A MUST READ for women who don't want to be treated like meat 5 out of 5 stars.
19 of 36 people found this review helpful.

Many feminists do not like to be treated like meat or like animals. I think this is because we all know, consciously or not, the extent and nature of animal oppression. Why have feminists for so long co-opted these animal metaphors to explain their own oppression, yet failed to see that these metaphors only work BECAUSE animals themselves are so oppressed?

Carol Adams is among the first to step forward and call for feminist attention to animal rights and meat eating. She makes points in this book which are revolutionary and, I believe, will be the future of feminism. The questions she raises about species are no less reasonable than questions other feminists have raised about race, class, gender, and any other facet of identity. Yet most feminists have refused to analyze human identity, and look at animals with the same eyes that many men look at women.
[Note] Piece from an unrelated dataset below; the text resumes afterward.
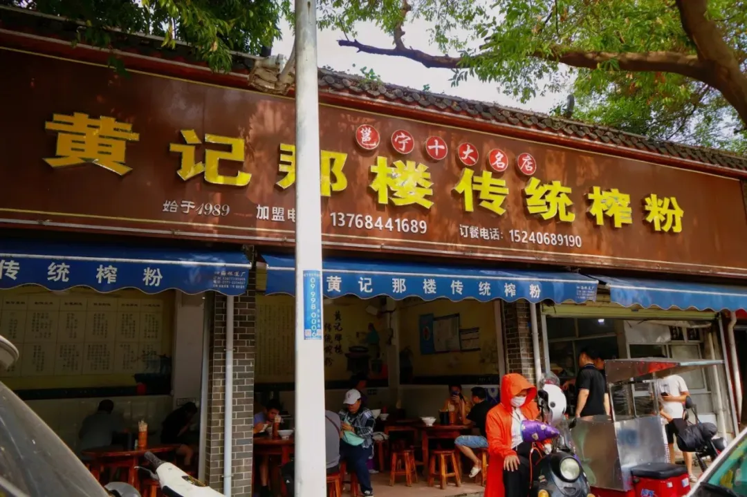 作为邕宁十大名店之一的黄记那楼传统榨粉店,被广大网友认为是“来蒲庙一定要来吃一次”的生榨米粉店,它家的粉以粉鲜嫩滑、极具韧性不易断等特点而广受人们欢迎,也是不少邕宁人的童年回忆。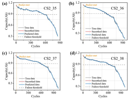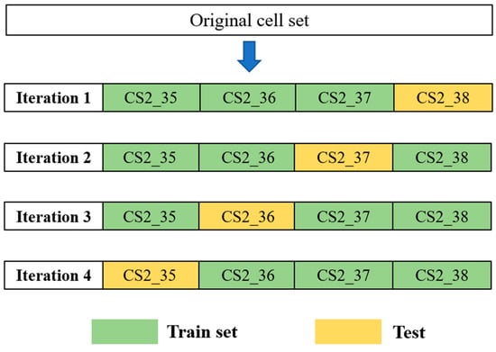In the source domain, we use the cross-validation method to divide the CALCE dataset into training and testing sets, as shown in Figure 7. In the cross-validation process, one cell is sequentially selected as the test cell and the remaining three cells are used as the training cells for a total of four iterations. In each iteration, the model is trained using the training set and the model performance is evaluated using the test cell. By validating models on multiple subsets, cross-validation provides a more stable and reliable assessment of model performance, reducing the impact of randomness associated with a single training-validation division. This process was repeated for four iterations and the test results at the test battery are shown in Figure 8. The capacity data from the 1st to the 20th cycle were used as the first input for the test, i.e., the 21st cycle was the first prediction point.

Though at times Adams writes very academically and heavily, this book should be required reading for all feminists-- and for all people who believe that both women and animals in this culture are literally and figuratively fragmented, consumed, and turned into meat, the ultimate objectification. A book whose importance I cannot stress enough.

Editorial Review:

An examination of the historical, gender, race and class implications of meat culture, making the links between the practice of butchering/eating animals and the maintenance of male dominance. This tenth anniversary edition includes a new preface by Carol Adams that answers the question she is most often asked: why did you write this book? Adams also discusses new developments in feminist thought and animal rights, and updates the statistics and information provided.